Lab 5 Report

Python and Jupyter Notebook

Cracking the Questions!

Question 1: What do you notice about how this function has split the string “Okay, okay, ladies, now let’s get in formation, cause I slay”? What has it done that isn’t quite right, and why has it done this? What does the regular expression “\W+” mean in Python? To find this out, you can search the re package documentation. Search the page (command/control + F in a web browser) for the term \W. What does it mean? Do the same for the + sign? What does it do? So what do these symbols mean when used together in a regular expression?
In regular expression, “\W” means to match any non-word characters, so in Python, “\W” slices all alphanumeric words by any non-word characters. The + sign indicates to command the function to continue until the condition of the function ends. For example, [ok\W+] from the law string, “Okay, okay, ladies, now let’s get in formation, cause I slay,” the function matches the two “ok”ays, because there are only two “ok”ays. Here “\W+” splits all alphanumeric words but cannot understand the abbreviated word with an apostrophe such as “let’s” so that’s why “let’s” is divided into “let” and “s”.

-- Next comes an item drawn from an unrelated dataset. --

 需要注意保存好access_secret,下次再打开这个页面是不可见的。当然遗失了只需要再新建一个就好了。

Question 2: What happened? Did it work as you expected? If not, what happened that you didn’t expect?
My chunk of text is “So let us melt, and make no noise, No tear-floods, nor sigh-tempests move;” from John Donne’s “A Valediction: Forbidding Mourning.” The result was exactly the same with my expectation: the ‘split_into_words’ function does not view “tear-floods” and “sigh-tempests” as one words, so these words linked with dash (-) were divided into. However, interestingly, the function seemed to perceive a semicolon (;) and it was produced into a blank encircled with quotation marks, ‘ ‘; thus, the result became different depending on whether I put a semicolon or not at the end of the sentence as below.

1-1. My chunk of text: “So let us melt, and make no noise, No tear-floods, nor sigh-tempests move;”
1-2. Result: [‘so’, ‘let’, ‘us’, ‘melt’, ‘and’, ‘make’, ‘no’, ‘noise’, ‘no’, ‘tear’, ‘floods’, ‘nor’, ‘sigh’, ‘tempests’, ‘move’, ’ ‘]

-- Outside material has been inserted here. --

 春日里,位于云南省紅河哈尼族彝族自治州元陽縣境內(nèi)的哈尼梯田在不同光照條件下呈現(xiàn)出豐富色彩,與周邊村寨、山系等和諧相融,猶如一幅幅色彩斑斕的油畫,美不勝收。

2-1. My chunk of text: “So let us melt, and make no noise, No tear-floods, nor sigh-tempests move”
2-2. Result: [‘so’, ‘let’, ‘us’, ‘melt’, ‘and’, ‘make’, ‘no’, ‘noise’, ‘no’, ‘tear’, ‘floods’, ‘nor’, ‘sigh’, ‘tempests’, ‘move’]

I also intentionally added other special characters such as a question mark (?), a plus sign (+), and a parenthesis at the end of the line, and the results were the same, ‘ ‘. From the repeated experiment, I found out that any non-word characters were matched only when they were between alphanumeric words, as the ‘split_into_words’ function does not view “let’s” or “tear-floods” as one word. The reason why the non-word characters between word characters are not recognized is that the function is to split into words and it seems that the regular expression “\W” matches all non-alphanumeric words, including the spaces between the words, and splits the word characters by special characters and spaces. Therefore, the function understood the semicolon after the move, “move;”, as a place to divide between “move” and the closing quotation mark (”), and that is why ‘ ‘ became produced.

Question 3: Describe the output of this script (the dataframe that displays after the above cell finishes running). Remember that this is the same output as the “vir-ver-counts-specific” spreadsheet in our Lab5 Google drive folder, only for just 10 texts. What is this dataframe showing us?
The dataframe shows that the table consists of 9 lines. All the data are displayed by the filename (.xml files), the author, the title, the date of publication, and the words either virtu* or vertu*. The data in the chart are variables that the algorithm commended.

**Question 4: Look at the below lines from the compare_counts_specific function above. These lines use regular expressions to do something to the value of the field in an xml file (if the contents of the field meet certain conditions, that is). What are these lines doing?**

According to the regular expression syntax:

The general module of regular expression syntax is consisted of “function(r’pattern’, ‘string’).”
Therefore, the module “re.search” indicates to search the string,
the carat sign (^) means the beginning point, that is, “from”

Overall, these lines tell if any string (date) beginning with 20 is found, then it will be replaced to blank, that is, deleted. In other words, the regular expression commands to delete all the dates (probably the year) beginning with 20 from EEBO TCP.mxl files.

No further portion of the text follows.